= Beginning of Section =
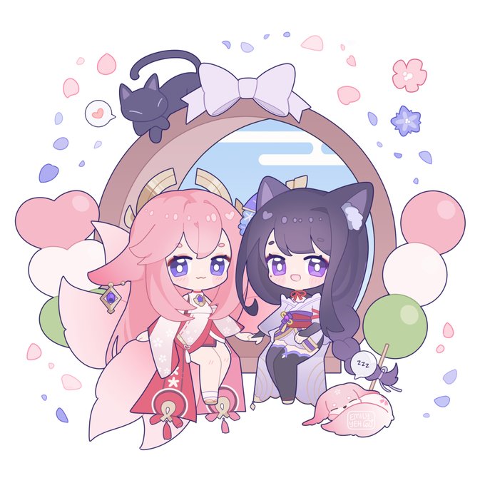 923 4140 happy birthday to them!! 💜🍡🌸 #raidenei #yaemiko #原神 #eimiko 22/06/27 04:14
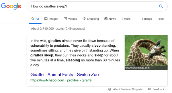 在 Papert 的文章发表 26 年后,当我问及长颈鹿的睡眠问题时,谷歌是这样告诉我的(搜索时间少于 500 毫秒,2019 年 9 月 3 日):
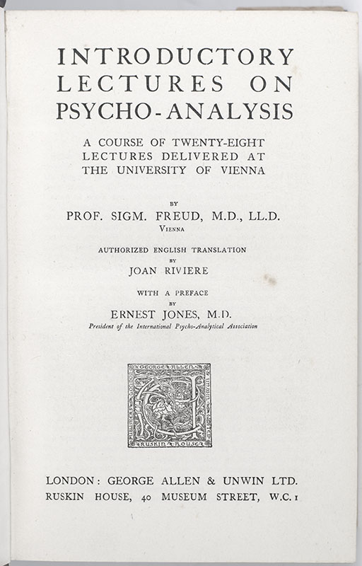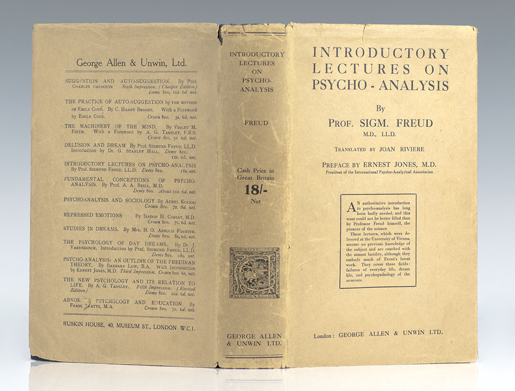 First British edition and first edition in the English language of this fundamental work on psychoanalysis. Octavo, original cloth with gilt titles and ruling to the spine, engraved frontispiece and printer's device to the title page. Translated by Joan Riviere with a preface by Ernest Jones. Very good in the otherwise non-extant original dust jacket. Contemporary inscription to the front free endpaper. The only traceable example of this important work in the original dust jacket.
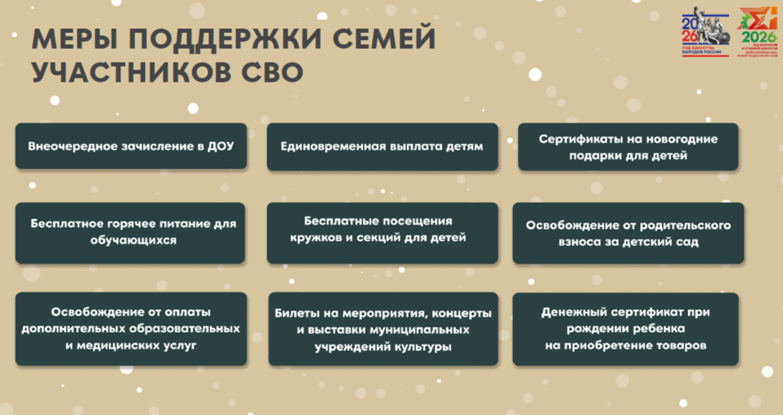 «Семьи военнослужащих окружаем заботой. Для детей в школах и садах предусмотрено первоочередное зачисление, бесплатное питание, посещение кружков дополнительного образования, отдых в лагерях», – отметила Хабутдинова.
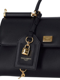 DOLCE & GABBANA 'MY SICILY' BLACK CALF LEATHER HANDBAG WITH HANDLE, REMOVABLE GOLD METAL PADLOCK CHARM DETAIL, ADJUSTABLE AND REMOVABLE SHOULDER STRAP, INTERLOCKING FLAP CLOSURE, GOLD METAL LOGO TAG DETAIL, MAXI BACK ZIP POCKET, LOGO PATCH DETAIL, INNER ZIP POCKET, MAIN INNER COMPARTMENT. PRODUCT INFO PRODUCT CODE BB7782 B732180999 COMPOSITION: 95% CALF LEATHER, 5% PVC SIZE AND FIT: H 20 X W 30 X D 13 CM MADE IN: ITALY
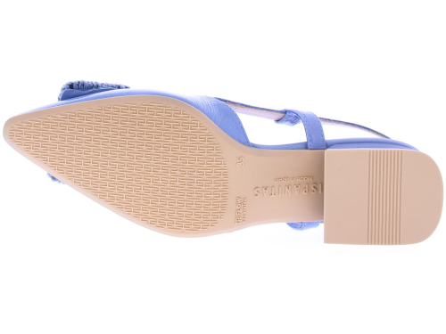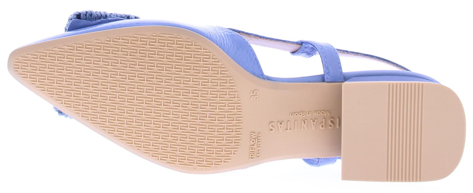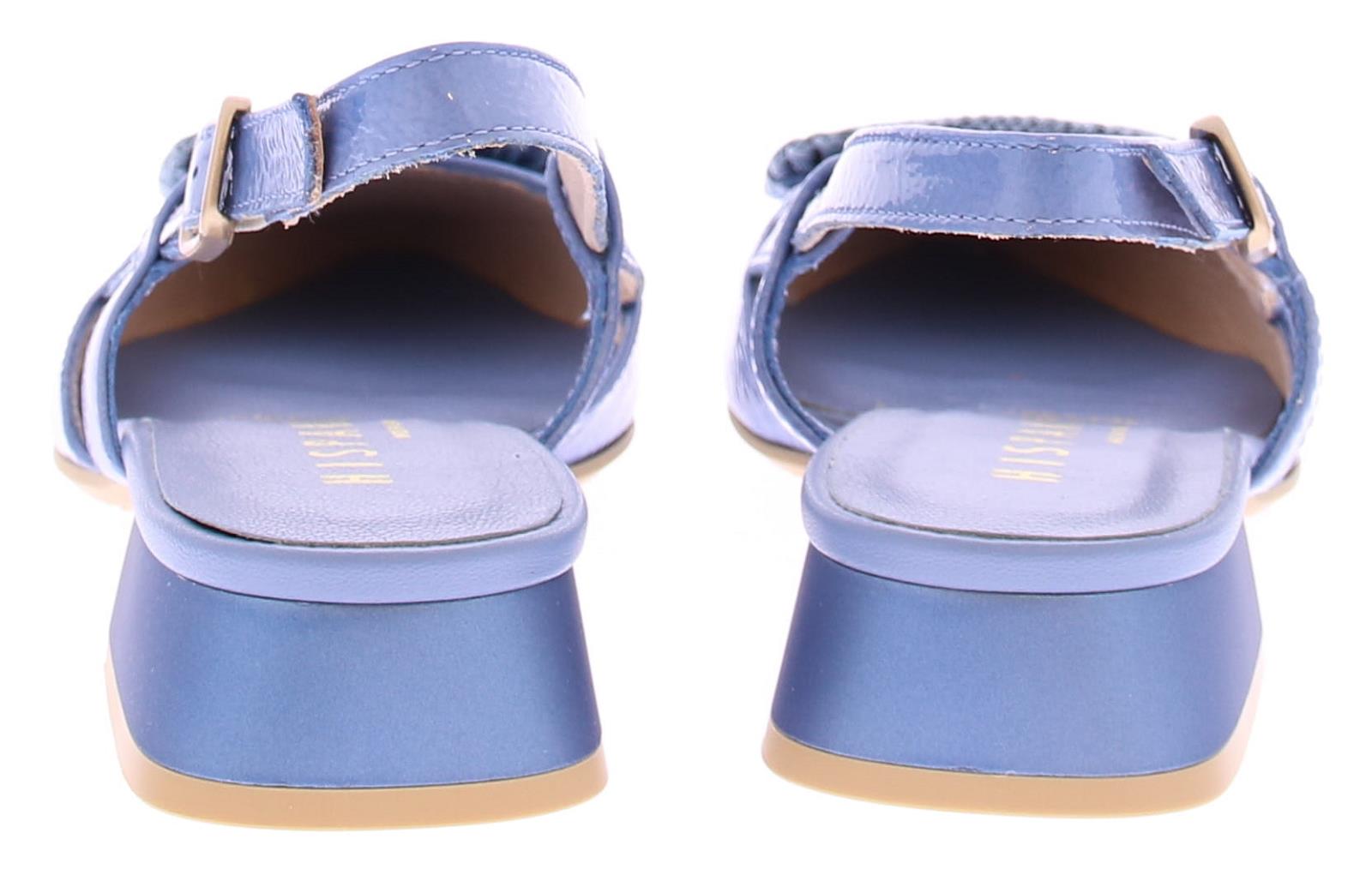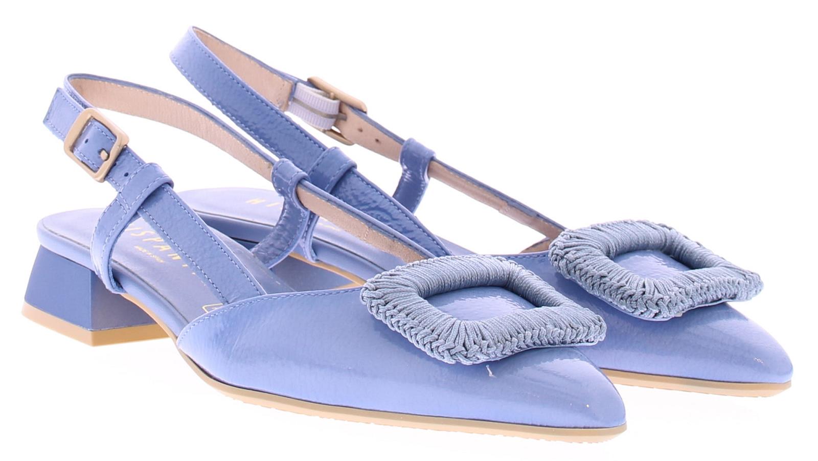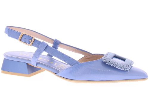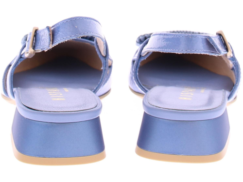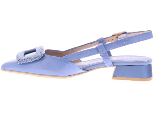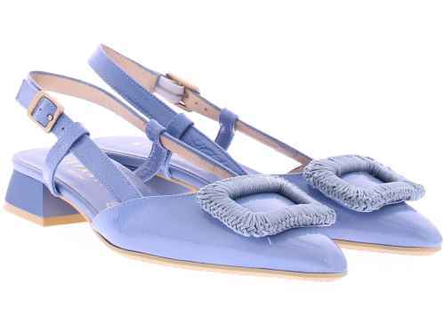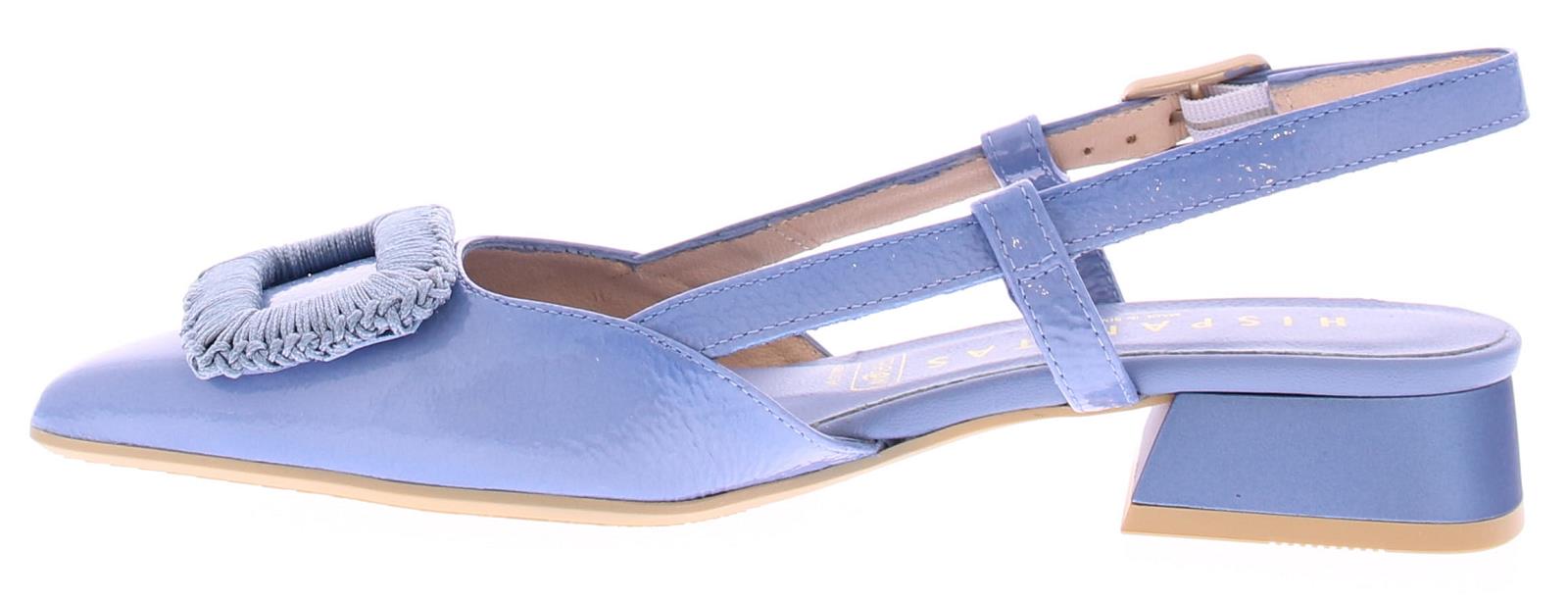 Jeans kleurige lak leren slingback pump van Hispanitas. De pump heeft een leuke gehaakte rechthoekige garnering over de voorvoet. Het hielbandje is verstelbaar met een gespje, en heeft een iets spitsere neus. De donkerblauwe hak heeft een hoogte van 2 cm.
= End of Section =
■ Instructions to follow ■
Beginning at the line that has "在 Papert 的文章发表" and ending at the line that has "военнослужащих окружаем заботой.", restate the listing above word for word, pictures left out.

■ Response below ■
 在 Papert 的文章发表 26 年后,当我问及长颈鹿的睡眠问题时,谷歌是这样告诉我的(搜索时间少于 500 毫秒,2019 年 9 月 3 日):
 First British edition and first edition in the English language of this fundamental work on psychoanalysis. Octavo, original cloth with gilt titles and ruling to the spine, engraved frontispiece and printer's device to the title page. Translated by Joan Riviere with a preface by Ernest Jones. Very good in the otherwise non-extant original dust jacket. Contemporary inscription to the front free endpaper. The only traceable example of this important work in the original dust jacket.
 «Семьи военнослужащих окружаем заботой. Для детей в школах и садах предусмотрено первоочередное зачисление, бесплатное питание, посещение кружков дополнительного образования, отдых в лагерях», – отметила Хабутдинова.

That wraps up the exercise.